[[ Given data open ]]
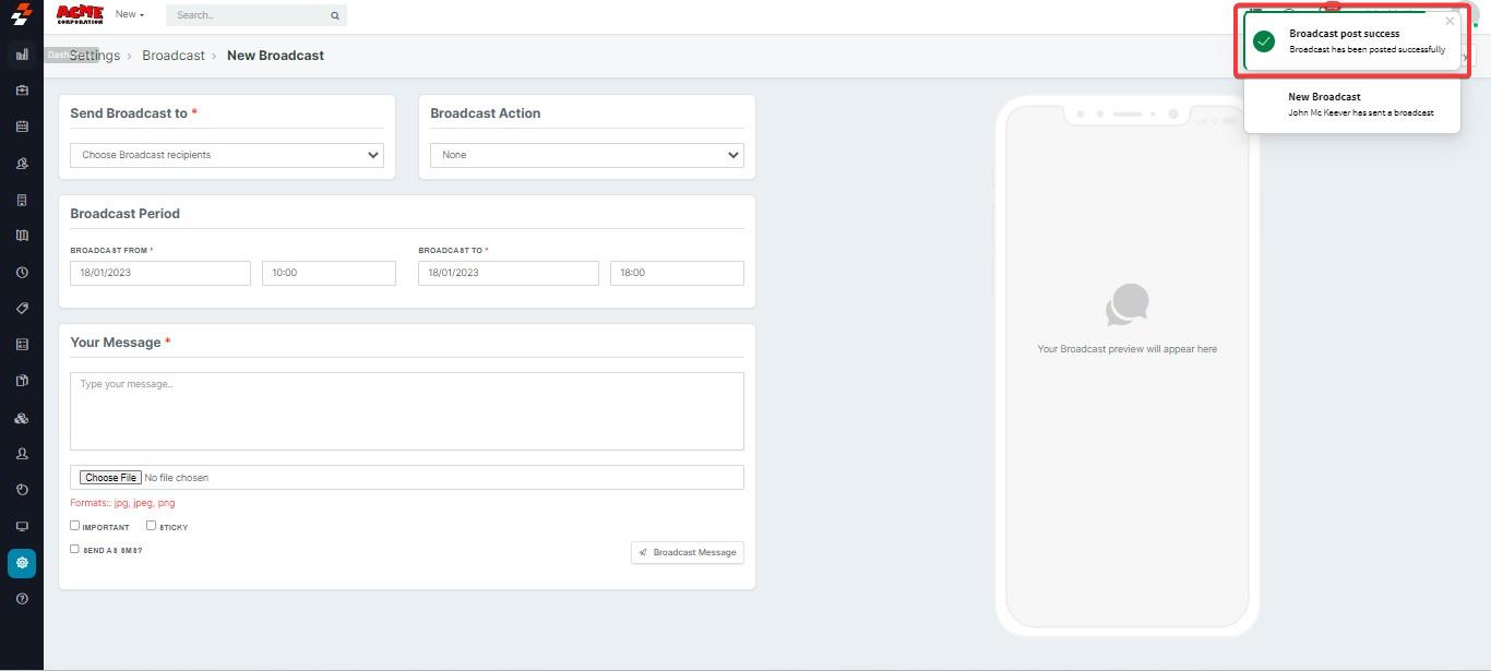 2. Select "+New Broadcast" button to send a notification.
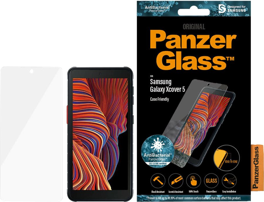 Der PanzerGlass Displayschutz für Samsung Galaxy Xcover 5 mit antibakterieller Wirkung hat die gleichen Eigenschaften wie das Original PanzerGlass und schützt Ihren Bildschirm außerdem vor Kratzern und Stößen.
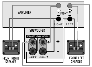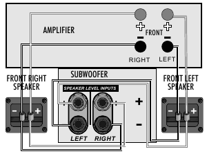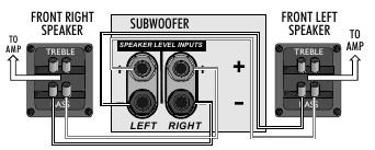 Miunganisho ya Spika ya kiwango cha juu inapaswa kutumika tu ikiwa amplifier yako haina pato la subwoofer la kiwango cha laini. Katika muunganisho huu subwoofer hulishwa pamoja na vipaza sauti vya Mbele. Kwa hili utahitaji nyaya mbili za ziada za msingi pacha. Chagua kebo ya spika ya sauti ya ubora mzuri ya ukubwa unaofaa. Epuka kutumia nyaya za bei nafuu za 'kengele' au 'zipu'. Kebo ya spika ya sauti ina mstari wa polarity au ubavu kando ya kondakta mmoja ili kurahisisha kuunganisha spika zako.
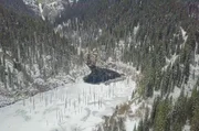 Der Kaindy-See - Kasachstans KleinodDer Kaindy-See entstand durch einen Erdrutsch und bedeckt seit 100 Jahren einen versunkenen Wald, der mit seinen gespenstischen Stämmen inmitten des Wassers steht.Bild: © ARTE / © French Connection Films/Duo2 TV/Ushuaia TV
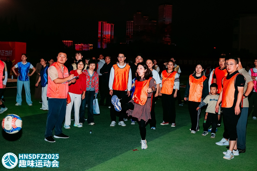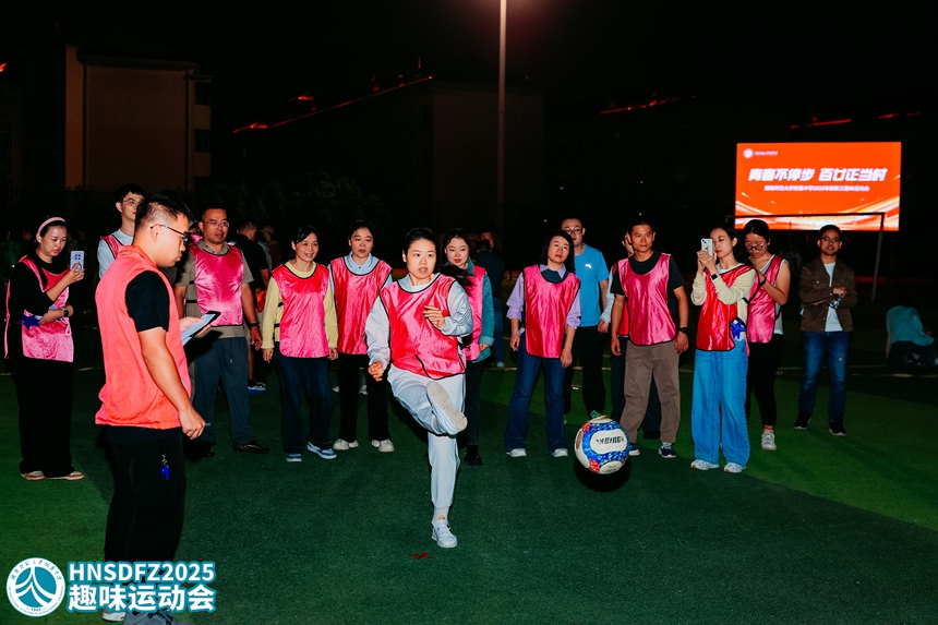 本次运动会以“轻松参与、快乐竞技、团结奋进”为核心宗旨,设置了赶大鹅、灌篮高手、龟兔赛跑、足球九宫格、枕头大战五个集体项目,兼顾趣味性与协作性,吸引了全体教职工积极参与。各参赛队伍提前组建团队,推选领队与教练,利用课余时间开展针对性训练,为比赛做好充分准备。 当晚18:30,各队伍陆续抵达赛场完成签到检录,队员们精神饱满、斗志昂扬,统一的着装彰显了团队的凝聚力。19:00,随着裁判哨声响起,运动会正式拉开帷幕。赶大鹅项目中,男女搭档默契配合,用扇子巧妙引导充气鹅接力前行,赛道上不时响起阵阵欢呼;灌篮高手赛场,队员们精准投射、快速传球,在两分钟内全力冲刺进球数量;龟兔赛跑环节,各队队员同心协力抬起道具,迈着整齐的步伐向终点奋进,充分展现了团队协作的力量;足球九宫格前,教职工们精准发力,瞄准分值区域踢出每一脚,考验着技巧与判断力;枕头大战更是将现场气氛推向高潮,大家在规定区域内尽情投掷,释放工作压力,赛场变成了欢乐的海洋。
[[ Given data closed ]]
▶ [Task directions]: Write out exactly the lines from the one containing "Miunganisho ya Spika" through the last line of the records above, both ends included, and leave out any pictures.

▶ [The answer]:
 Miunganisho ya Spika ya kiwango cha juu inapaswa kutumika tu ikiwa amplifier yako haina pato la subwoofer la kiwango cha laini. Katika muunganisho huu subwoofer hulishwa pamoja na vipaza sauti vya Mbele. Kwa hili utahitaji nyaya mbili za ziada za msingi pacha. Chagua kebo ya spika ya sauti ya ubora mzuri ya ukubwa unaofaa. Epuka kutumia nyaya za bei nafuu za 'kengele' au 'zipu'. Kebo ya spika ya sauti ina mstari wa polarity au ubavu kando ya kondakta mmoja ili kurahisisha kuunganisha spika zako.
 Der Kaindy-See - Kasachstans KleinodDer Kaindy-See entstand durch einen Erdrutsch und bedeckt seit 100 Jahren einen versunkenen Wald, der mit seinen gespenstischen Stämmen inmitten des Wassers steht.Bild: © ARTE / © French Connection Films/Duo2 TV/Ushuaia TV
 本次运动会以“轻松参与、快乐竞技、团结奋进”为核心宗旨,设置了赶大鹅、灌篮高手、龟兔赛跑、足球九宫格、枕头大战五个集体项目,兼顾趣味性与协作性,吸引了全体教职工积极参与。各参赛队伍提前组建团队,推选领队与教练,利用课余时间开展针对性训练,为比赛做好充分准备。 当晚18:30,各队伍陆续抵达赛场完成签到检录,队员们精神饱满、斗志昂扬,统一的着装彰显了团队的凝聚力。19:00,随着裁判哨声响起,运动会正式拉开帷幕。赶大鹅项目中,男女搭档默契配合,用扇子巧妙引导充气鹅接力前行,赛道上不时响起阵阵欢呼;灌篮高手赛场,队员们精准投射、快速传球,在两分钟内全力冲刺进球数量;龟兔赛跑环节,各队队员同心协力抬起道具,迈着整齐的步伐向终点奋进,充分展现了团队协作的力量;足球九宫格前,教职工们精准发力,瞄准分值区域踢出每一脚,考验着技巧与判断力;枕头大战更是将现场气氛推向高潮,大家在规定区域内尽情投掷,释放工作压力,赛场变成了欢乐的海洋。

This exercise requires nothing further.